**Data for this exercise:**
>>>
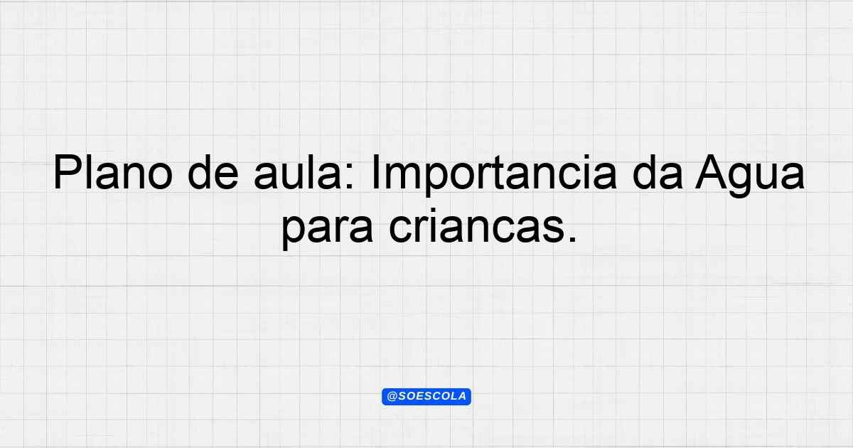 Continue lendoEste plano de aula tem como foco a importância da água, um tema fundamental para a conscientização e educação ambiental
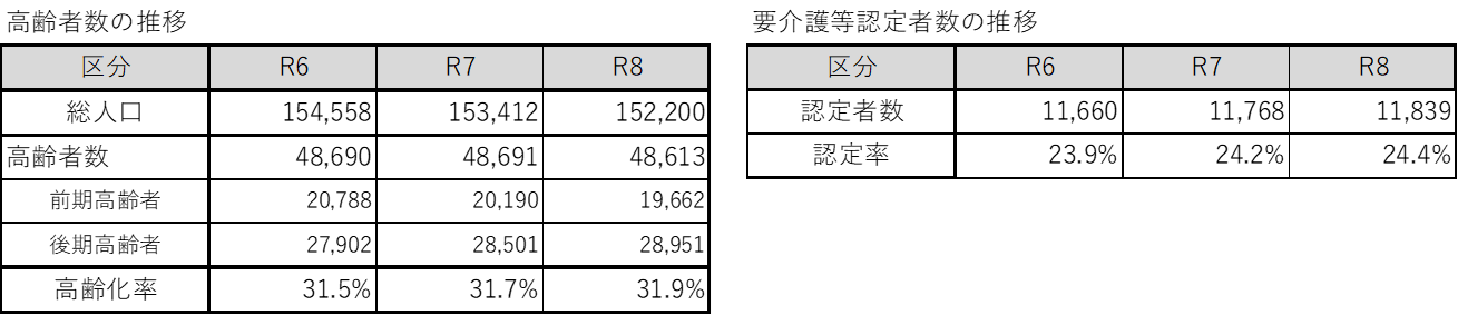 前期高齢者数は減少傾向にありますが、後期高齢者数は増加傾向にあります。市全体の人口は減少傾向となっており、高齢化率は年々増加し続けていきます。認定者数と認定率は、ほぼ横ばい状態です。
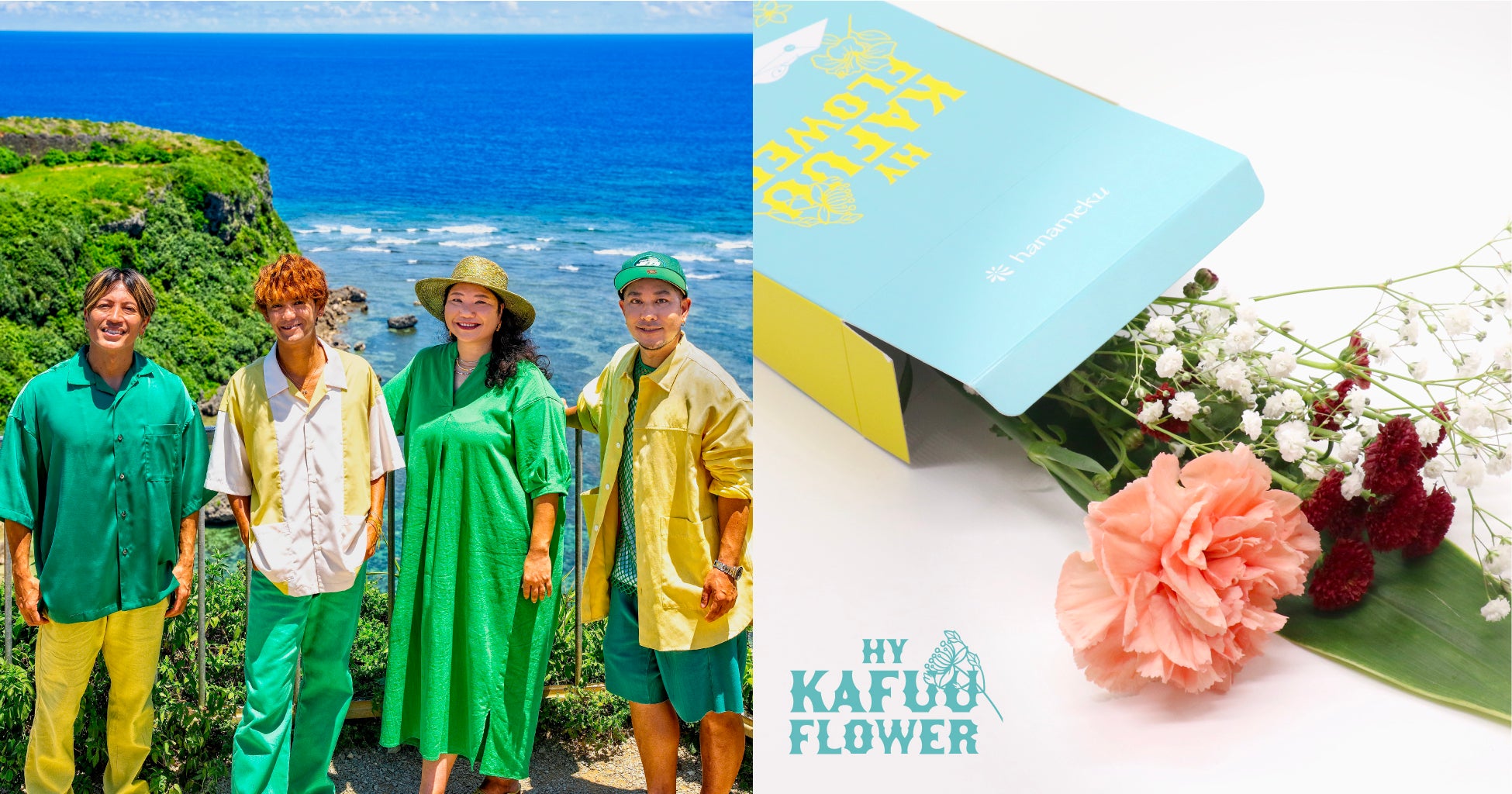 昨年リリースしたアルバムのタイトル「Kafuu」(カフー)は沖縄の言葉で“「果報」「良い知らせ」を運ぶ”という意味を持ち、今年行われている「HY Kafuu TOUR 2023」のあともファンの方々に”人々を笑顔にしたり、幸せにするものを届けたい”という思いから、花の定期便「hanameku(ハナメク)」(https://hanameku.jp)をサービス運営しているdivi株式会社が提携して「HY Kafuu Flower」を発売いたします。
<<<
>>>
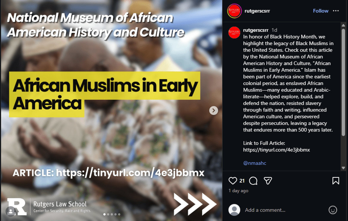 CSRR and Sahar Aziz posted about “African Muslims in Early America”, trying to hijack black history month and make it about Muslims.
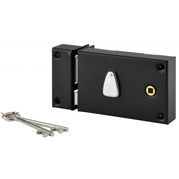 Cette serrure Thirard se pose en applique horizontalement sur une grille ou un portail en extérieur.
<<<
From the records above, quote word for word only the lines beginning at the line that has "Continue lendoEste plano" and stopping after the line that has "前期高齢者数は減少傾向にあり". Omit the pictures.

 Continue lendoEste plano de aula tem como foco a importância da água, um tema fundamental para a conscientização e educação ambiental
 前期高齢者数は減少傾向にありますが、後期高齢者数は増加傾向にあります。市全体の人口は減少傾向となっており、高齢化率は年々増加し続けていきます。認定者数と認定率は、ほぼ横ばい状態です。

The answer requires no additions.